Logistics News

More ladders than snakes for Asciano volumes

March quarter snapshot sees logistics gains and intermodal east-west trade declines

 

Asciano’s operational spread has meant declines in some areas have been met with increases in others, its quarterly volumes report shows.

On the negative side was a a fall in intermodal net tonnes per kilometre of 5.8 per cent from 5,445 to 5,129 for this year’s March quarter compared with last year’s.

Intermodal 20-foot equivalent (teu) container numbers also fell, by 4.7 per cent, from 161,700 to 154,100.

The decline reflected “ongoing weakness in East-West volumes”, while steel volumes “were flat for the quarter”.  

Against that, its terminals operations saw container lifts and teu handled up 6.8 and 5.1 per cent respectively, while coal haulage growth was above 40 per cent in the north-east of the country and around 15 per cent in the south-east.

The container lifts rise, from 444,000 to 474,000, was “driven by underlying growth in customer volume for existing services of approximately 2.2 per cent, the commencement of the K Line contract in Fremantle, the contribution from a new service by an existing customer and the upsizing of another customer service all of which offset the negative impact of the loss of the CAX service following its cessation in March 2013”.

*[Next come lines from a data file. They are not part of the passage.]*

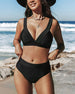 Badeanzug Hohe Taille Gestreift Dreieck Zweiteilig
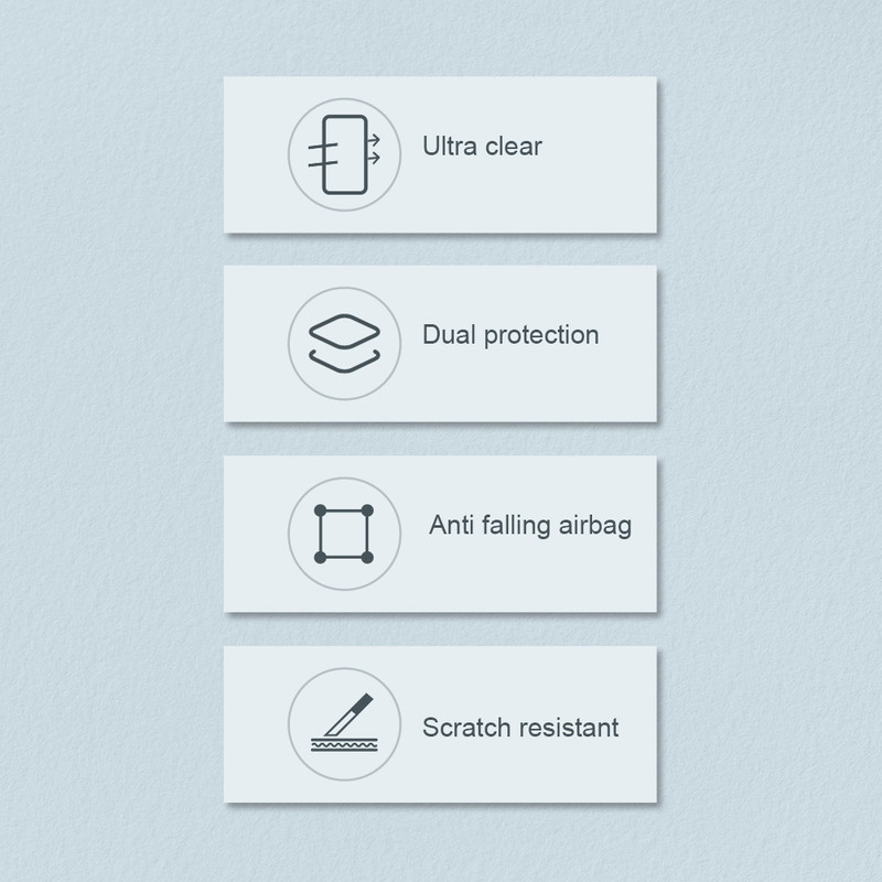 مقاوم در برابر ضربه , مقاوم در برابر آب , انعطاف پذیر , لبه های برجسته برای محافظت صفحه نمایش , لبه های برجسته برای محافظت دوربین , مقاوم در برابر خط و خش
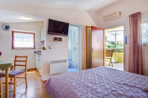 Plně vybavený apartmán Arty, kategorizovaný 4 hvězdičkami, je určen výhradně pro ubytování 2 osob. Jedná se o samostatné zařízení vedle domu, kde bydlí hostitelé. Nachází se v klidné oblasti v blízkosti několika pláží a je ideální pro dovolenou. Je to jen pár minut od nejbližších pláží a o něco dále je několik dalších krásných pláží. Do apartmánu je možné vzít si domácího mazlíčka za příplatek 10 eur. V ceně je zahrnut welcome drink. Kromě vybavené kuchyně, jídelny, ložnice a koupelny má apartmán také vlastní parkoviště, místo pro kola, gril pouze pro hosty, WI-FI internet zdarma, klimatizace, topení, TV, satelit, ... V kuchyni dostane každý host : novou houbu a prostředek na mytí nádobí, kuchyňské utěrky, . .V kuchyni dále: toustovač, kávovar, varná konvice, stojanový mixér,... Přejeme Vám srdečné přijetí a příjemnou dovolenou v našem apartmánu!
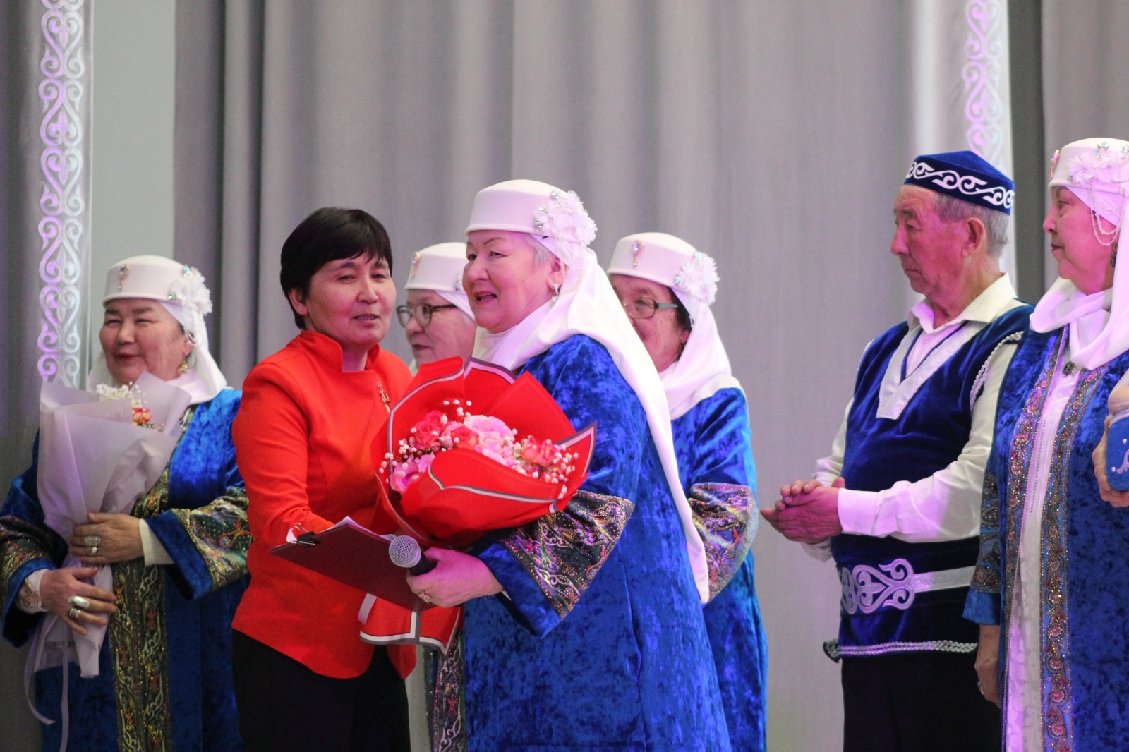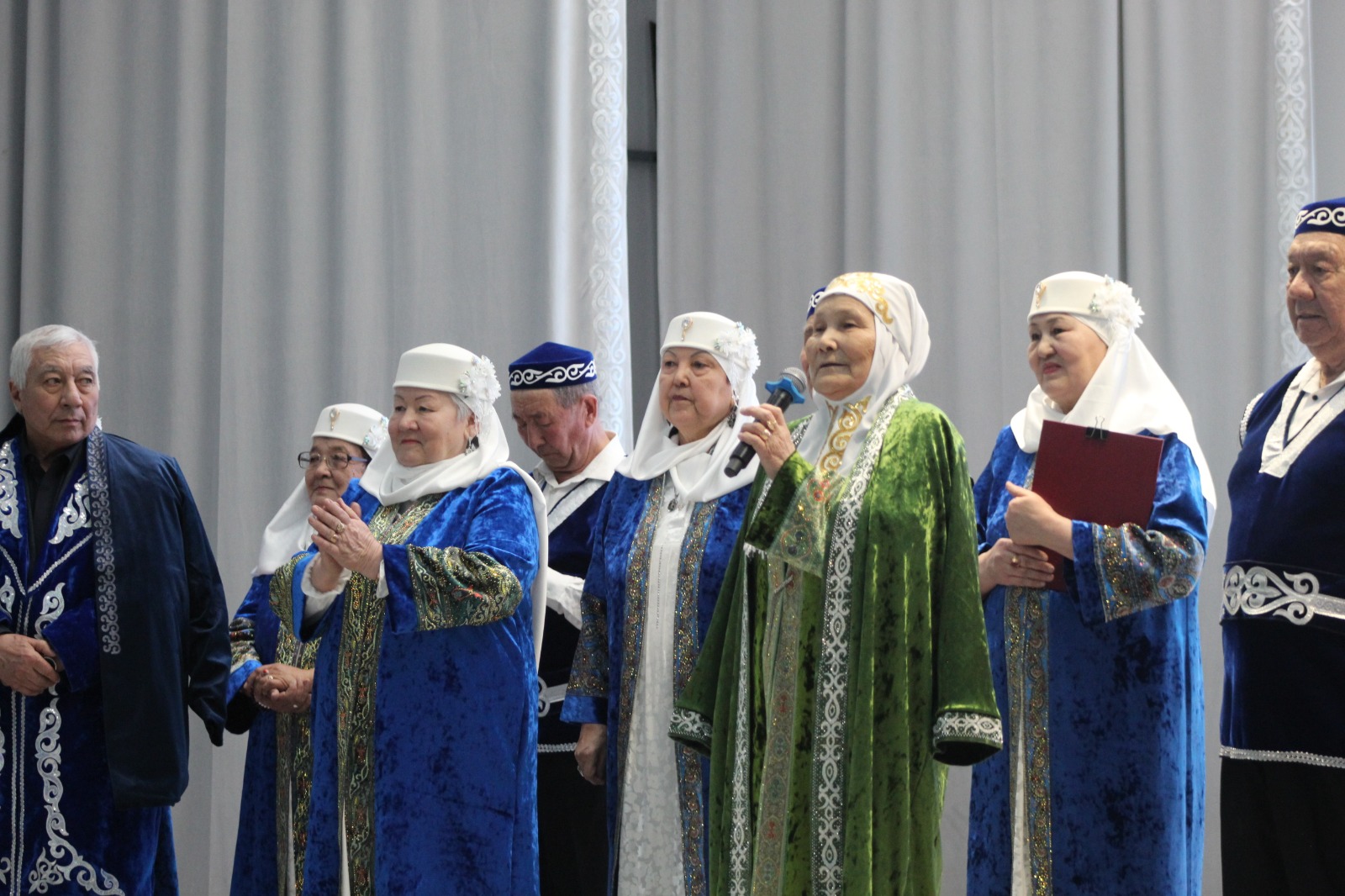 Гостям от имени районного акимата в соответствии с традицией были оказаны почести – руководителям ансамблей на плечи накинули чапаны.
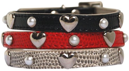 Collier en simili cuir réglable avec accessoires originaux. Equipé avec un grelot et un élastique de sécurité.
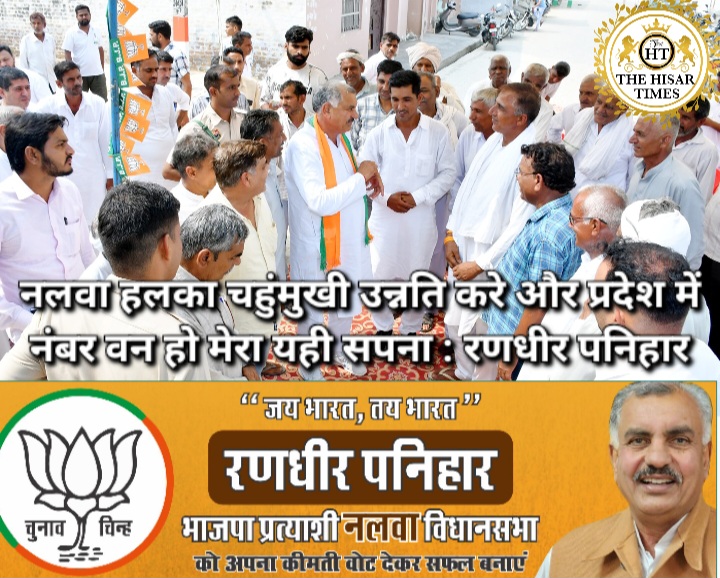 रणधीर पनिहार ने कांग्रेस पार्टी पर प्रहार करते हुए कहा कि कांग्रेस पार्टी इतने टुकड़ों में बंटी हुई है कि इसके सभी नेता एक-दूसरे की टांग खिंचाई में लगे हुए हैं। आधा दर्जन नेता तो सी.एम. कुर्सी के ही दावेदार हैं। जो पार्टी खुद ही अपने पैरों पर न खड़ी हो वह प्रदेश का भला क्या खाक करेगी। 10 साल पहले जब कांग्रेस का राज था उस समय प्रदेश के हालात ऐसे थे कि हरियाणा की गिनती बिहार जैसे राज्य से होने लगी थी। भाजपा सरकार ने आते ही प्रदेश में बदलाव किया और प्रदेश को विकास नई ऊंचाईयों पर पहुंचाने का काम किया। आज बीजेपी सरकार से हर वर्ग खुश है और नलवा हलके सहित पूरे प्रदेश की जनता 5 अक्टूबर को कमल के फूल के निशान का बटन दबाकर भारी बहुमत से फिर से प्रदेश में पार्टी की सरकार लाने का काम करेगी।
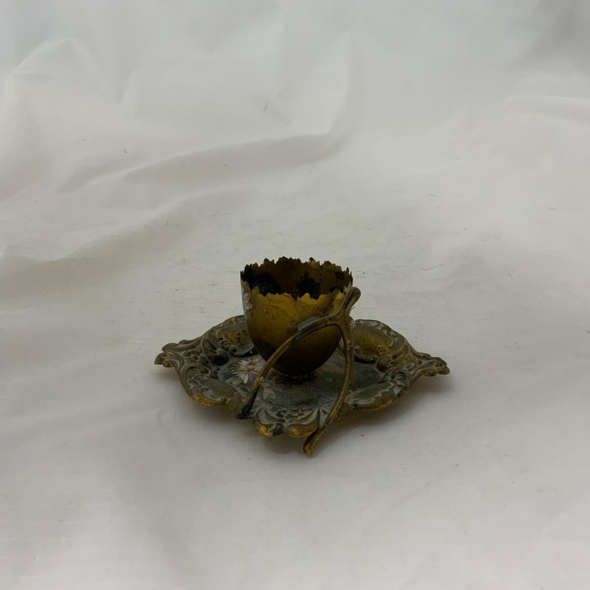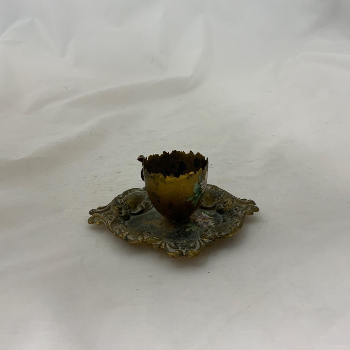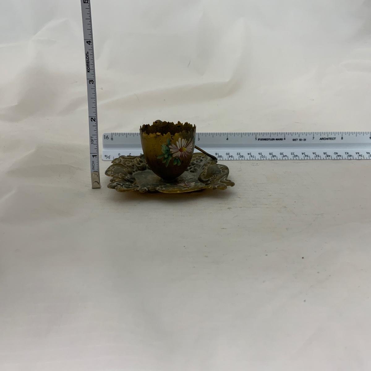 Attractive Brass Egg Toothpick holder. Hand Painted. Nice wishbone decoration on the side. Please see photos for details and condition. ::: Shipping is available on this lot. If you require shipping you must let us know at the close of the auction. We will coordinate with you after the item has been won. Shipping fees will include insurance up to or exceeding the value of all items being mailed. If you have any questions regarding this lot please contact the auctioneer either via this website, by direct email or by phone. PICK UP TIMES and other important information can be found in the TERMS and DESCRIPTION of the auction. Please take a look for pertinent information. Thanks!
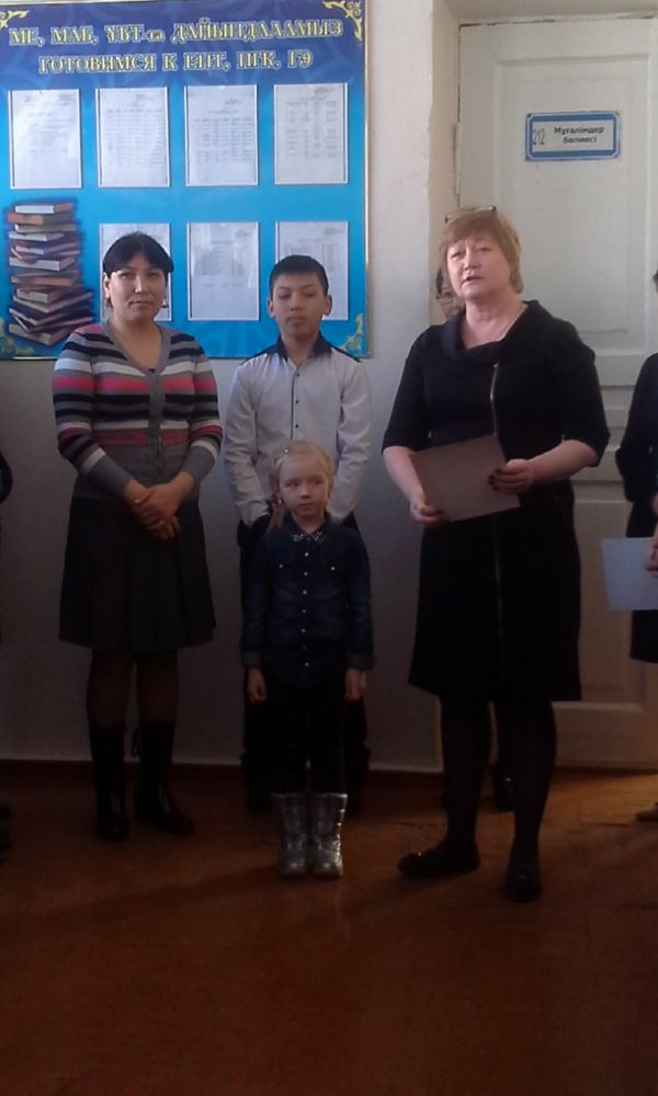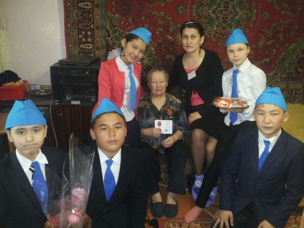 22.04.2015 ж мектепке ардагер Ошанаева Рымкеш апайды арнай түрде шақырып, Ұлы Жеңістің 70 жылдығына орай берліген медаль табысталды.
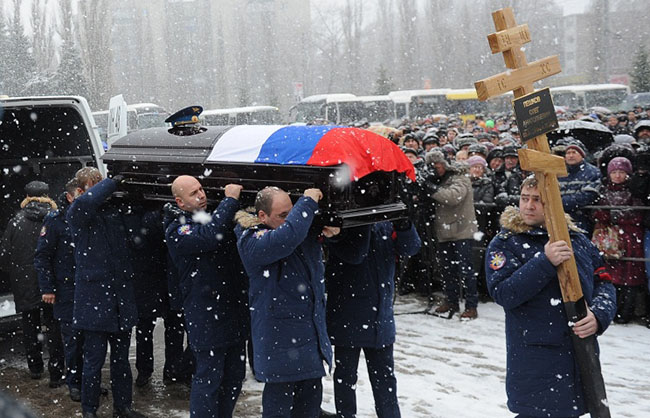 Како је истакао главнкомандујући ВКС Русије Виктор Бондарев, који је присуствовао опроштају, руски пилот је погинуо због „издајничког пуцња у леђа од стране турског ратног ваздухопловства и руководства Турске“.
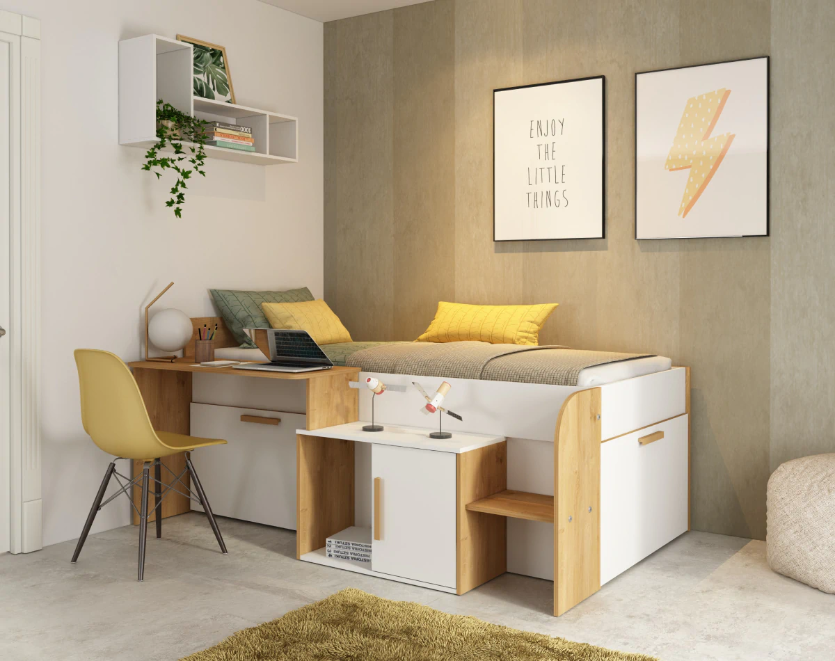 "מיטה חד-מיטה עם שולחן עבודה מובנה – פתרון חסכוני ונוח לחדרים קטנים. שילוב של נוחות, עבודה וסטייל במקום אחד."
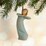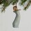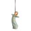 This hanging ornament features a figure in a blue dress, with her arms raised up to her face as if dancing.
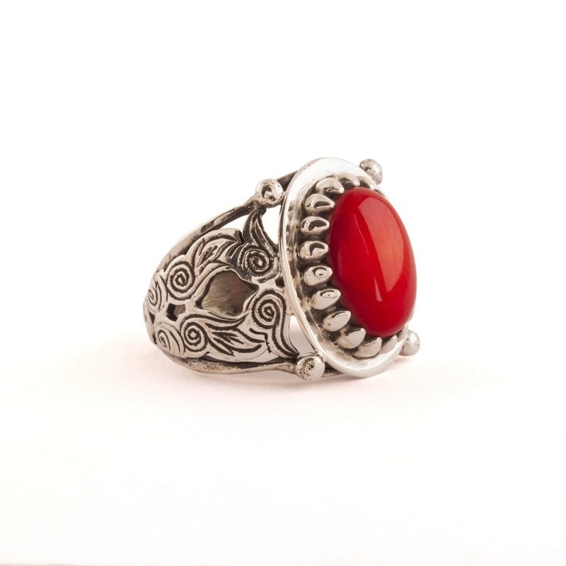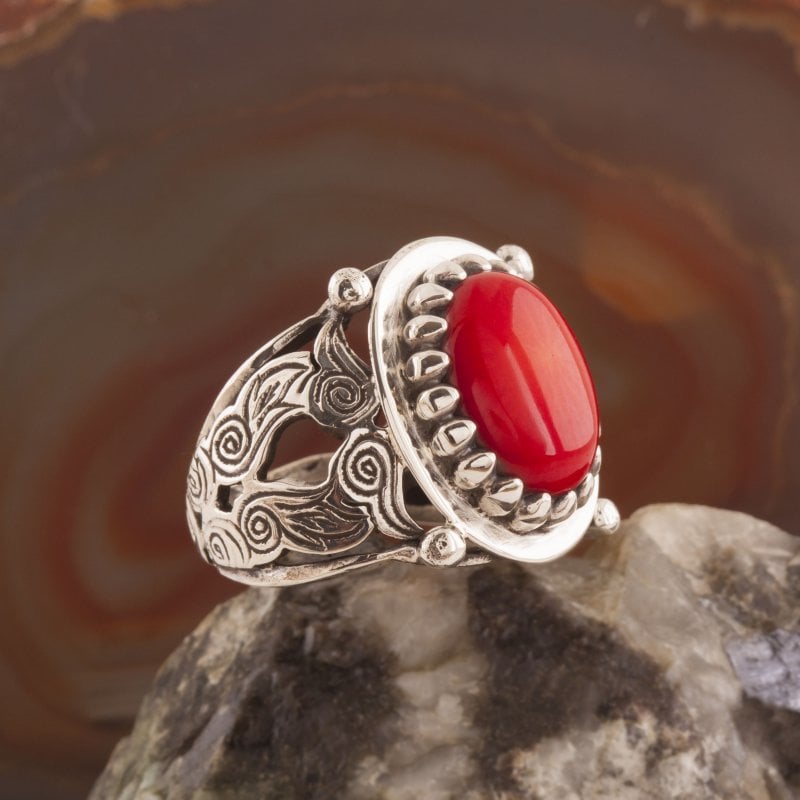Mercan Taşlı El İşi Gümüş Yüzük |
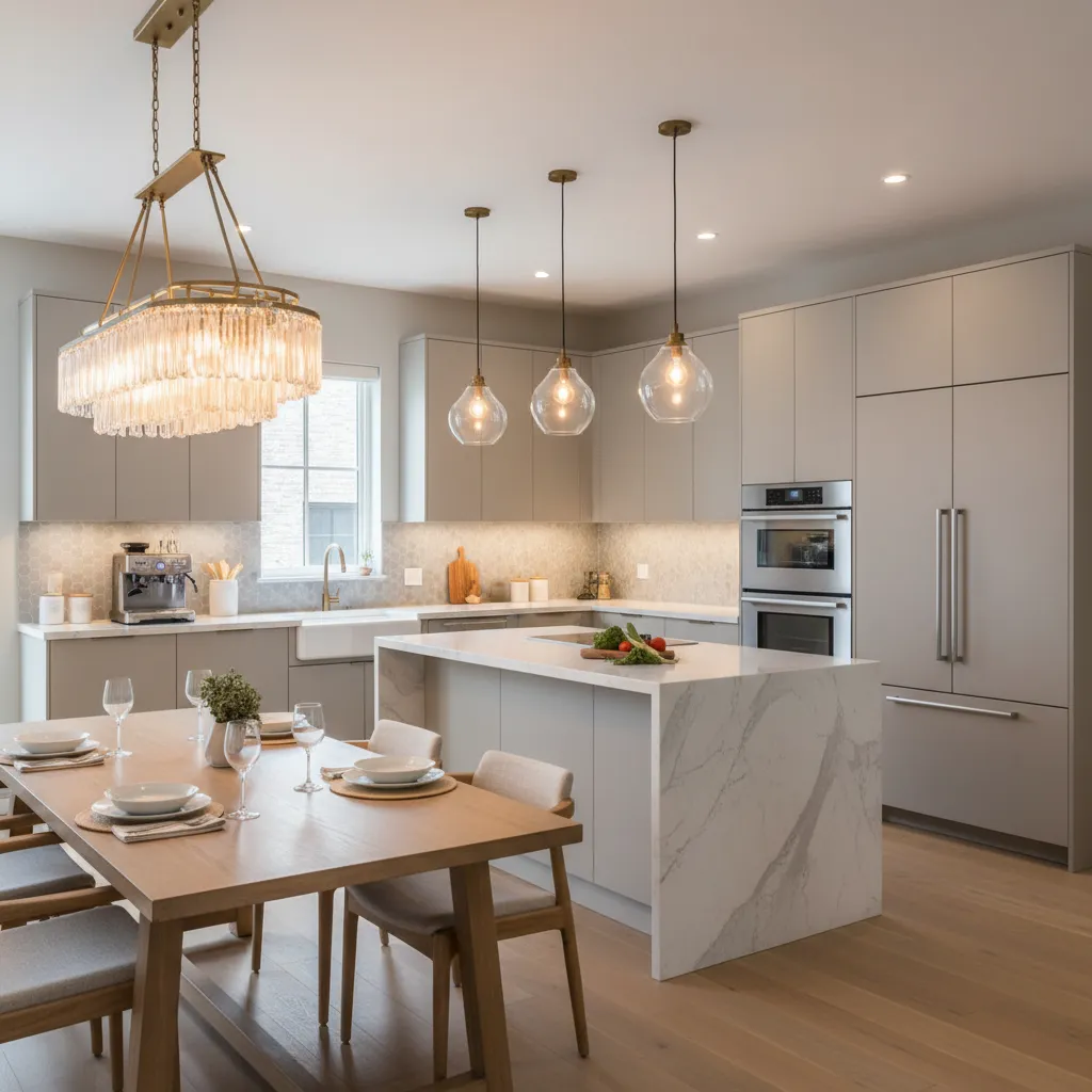 - Task Lighting: This is your functional light. Install under-cabinet lighting to illuminate your countertops for food prep. Place pendant lights over the island or a chandelier over the dining table.
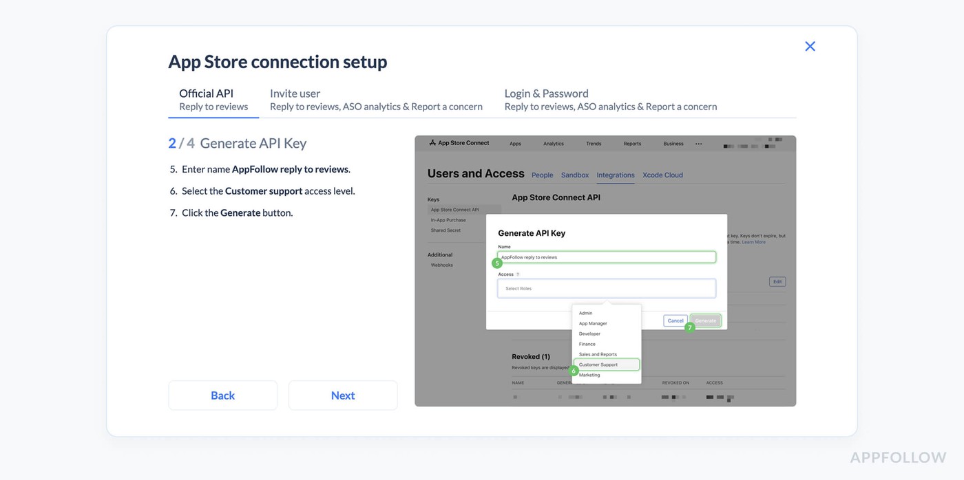 Apple now allows customer support role API keys. These keys only access reviews. Create a customer support key and start replying to App Store reviews immediately.

“The Division has recently secured three new services into East Swanson Dock in Melbourne: a 15,000 lift pa service secured in a recent contract tender; and two new contracts with proforma volume totalling 25,000 lifts commencing in April, representing container volume shifting from Webb Dock to East Swanson Dock as a result of the redevelopment of Webb Dock,”  Asciano reports.

Logistics teu fell 9.9 per cent “impacted by material weakness in transport and rail volumes from Northern Victoria and into South Australia”.

The intermodal arm is in the midst of digesting Toll Queensland rail terminals

“This transaction will provide a key strategic position in the Queensland intermodal market,” Asciano says. 

“Integration of these facilities is substantially underway.”

Bulk Ports Stevedoring were affected by “lower volumes on the Agility contract, reflecting the wind down of that contract and lower volumes across a number of regional ports reflecting a slowdown in agricultural, general cargo and car volumes over the quarter”.

Automotive services reported further growth in storage days in the quarter over the pcp. However storage days have declined 20 per cent since the peak in January, reflecting lower car import volumes.

“We continue to expect to deliver low single digit growth in underlying net profit after tax in FY14 with stronger than expected growth in coal and container volumes combined with a strong focus on reducing overhead costs, offsetting weaker than expected volumes in export grain, intermodal and bulk ports,” Asciano CEO John Mullen states.

“FY14 capital expenditure is expected to be in the range of $700-800m including the Pacific National acquisition of rail terminal properties in Queensland.”